Any diner will be hard-pressed to find better sushi out of an old Blockbuster Video than they will at Sake House Japanese Sushi & Steak House.

During my misspent youth, I was fired from a Blockbuster Video. It wasn’t the first in a long line of firings: That honor belongs to Little Caesar’s Pizza, where a future Oklahoma State Representative was a coworker. Needless to say there are — at best — mixed feelings about those businesses.

So you can imagine the glee upon seeing the Blockbuster at 7001 W. Hefner Road slowly fade into nothingness with only the dirty outline of its name remaining on the building and replaced by three of my favorite things: 1. Sushi. 2. Steak. 3. More sushi.

While both teppanyaki cooking (that giant griddle they put the onion volcano on) and sushi are both Japanese, they don’t always mesh together perfectly. Focus too much in either direction and you have a recipe for lackluster food. But those who can excel at both will hit the jackpot — namely, lots of hungry customers.

Sake House makes me a very hungry customer, especially with rolls like the Tuna Amazing ($10.95). Do you like tuna?

Of course you do. Tuna, salmon and tilapia are the three fish that people who don’t eat fish will eat. Tuna Amazing is so named because it tastes amazing and combines white tuna, spicy tuna, avocado and peppered tuna. Is it too much tuna?


You know that’s not a thing. Stop being weird, man.

As is customary, the mackerel nigiri (two for $4.50) was also ordered. Mackerel is firm and fresh and a little salty and tastes like actual fish. It’s so good. It is also something that doesn’t get ordered all the time, so if you want to see how often a sushi place replenishes its stock, it’s a good choice. This was some tasty fish.
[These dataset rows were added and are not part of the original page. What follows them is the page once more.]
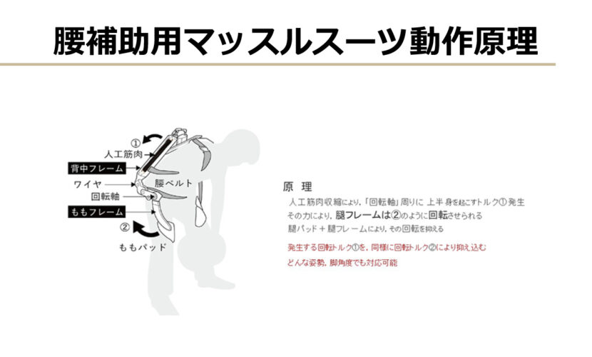 この構造では、膝を曲げずに上半身を起こす動作や、上半身を直立状態にして腰を落として脚の力で物を持ち上げる動作のどちらでも補助ができ、結果として腰や脚への負担を軽減します。
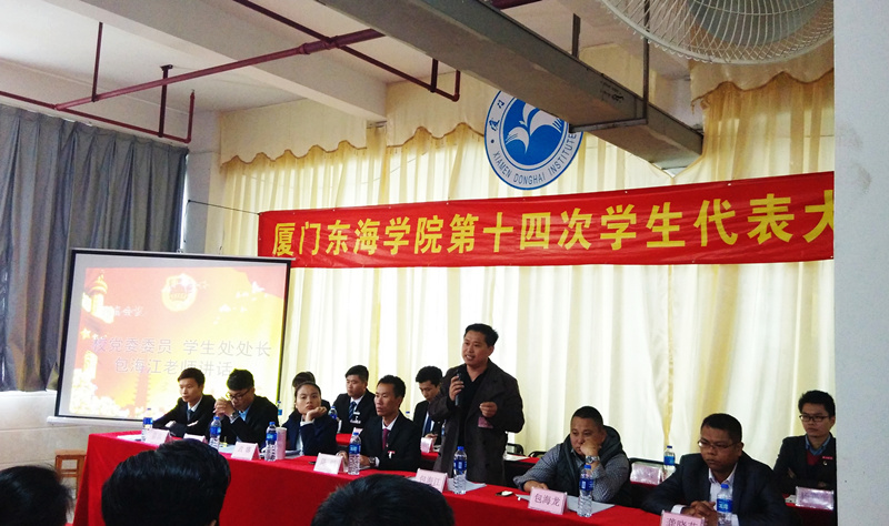 2016年12月24日,我校第十四次学生代表大会在校图书馆隆重举行。学校朱国辉校长、校党委黄平南书记、宋艳春副校长、学生处包海江处长、校党政办吕明利副主任、团委陈朝书记及各团委委员出席本次代表大会。本次大会101名学生代表来自学校四个学生组织与五个分院各班级的优秀代表。
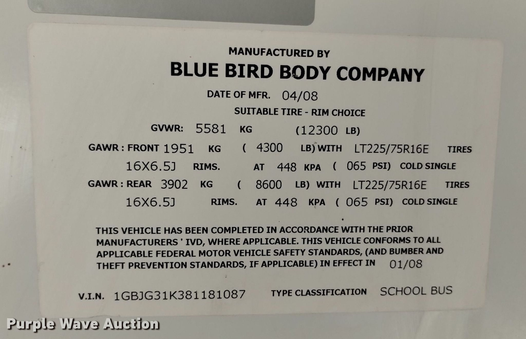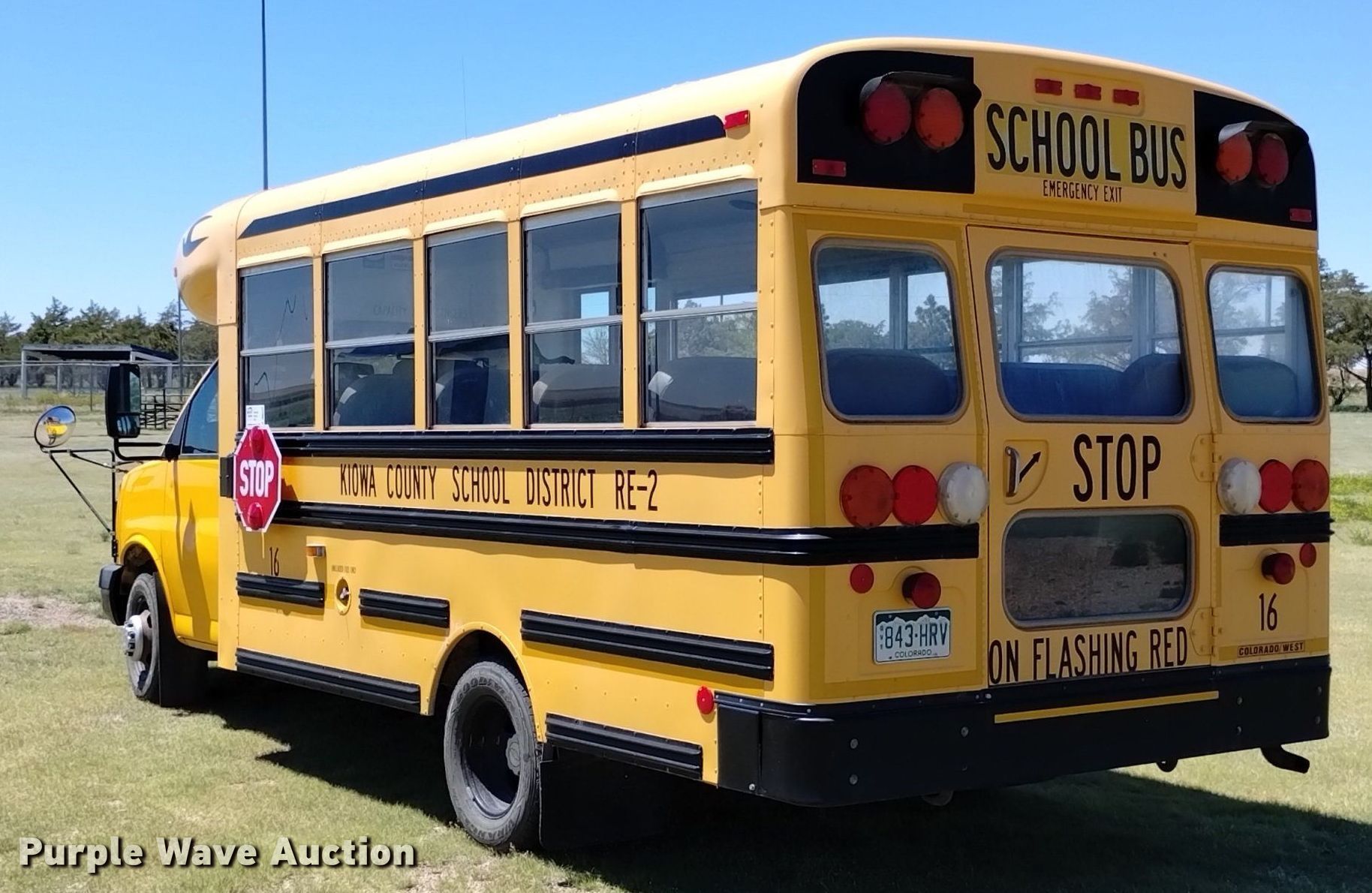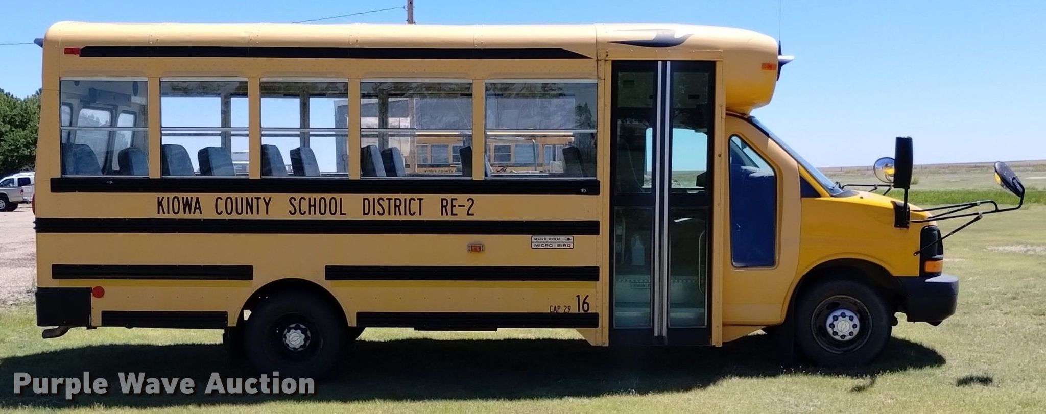 2009 Bluebird school bus. Miles: 125,051 on odometer, Hours: 3,307 on meter, VIN: 1GBJG31K381181087, Unit #: 16. Engine GM, Displacement: 6.0L, Cylinders: 8, Fuel type: Gas. Transmission Automatic. Chassis Axles: Single, Suspension: Spring, Brakes: Hydraulic, GVWR: 12,300 lbs. Interior AC, Heat, Auxiliary controls, Passengers: 29. Tires Size: 225/75R16. Notes Windshield chipped or cracked. Colorado title. Title distribution may be delayed up to 14 days from verification of funds. Plainview School District. Sheridan Lake, CO 81071

I would have ordered more, but I also had steak coming my way.

Miso soup ($2) is fine, but better was Sake House’s clear soup ($2), which is a flavorful broth that clears the palate for what’s to come.

In this case, what came was a salad with ginger dressing because that’s the salad you get with a hibachi/teppanyaki meal. The lettuce was okay, but the ginger dressing was a happy surprise, because it tasted fresh and was not as overpowering as some versions can be.

The real show, as always, is on the grill. As someone who believes in equality, I want to destroy animals on the land and in the sea in roughly the same amounts, which is why the shrimp and steak hibachi dinner ($20.50) is such a great deal. Plus, you can’t beat the show. Seriously; don’t try to beat these guys. They have knives. You will get hurt.

The chef at the table was a delight. Not only did he have a few fresh hibachi jokes, his skills at tossing broccoli into mouths are unparalleled. You have to trust the man with the knife and spatula. Just open up and let him throw food in there.


(If you’re lucky, he might also squirt some sake down your throat. Score!)

Speaking of beverages, drink some. The sake bloody mary ($6) tastes like a bloody mary with wasabi, which is exactly what it should be. The nigori sake ($10 for a small bottle) was served cool, had a nice unfiltered texture and tasted slightly sweet. It’s recommended for sake virgins and also just regular virgins. Or anybody over 21 who likes a drink now and again.

Print headline: Sake to me, Not every place can do sushi and steak correctly. Sake House definitely does.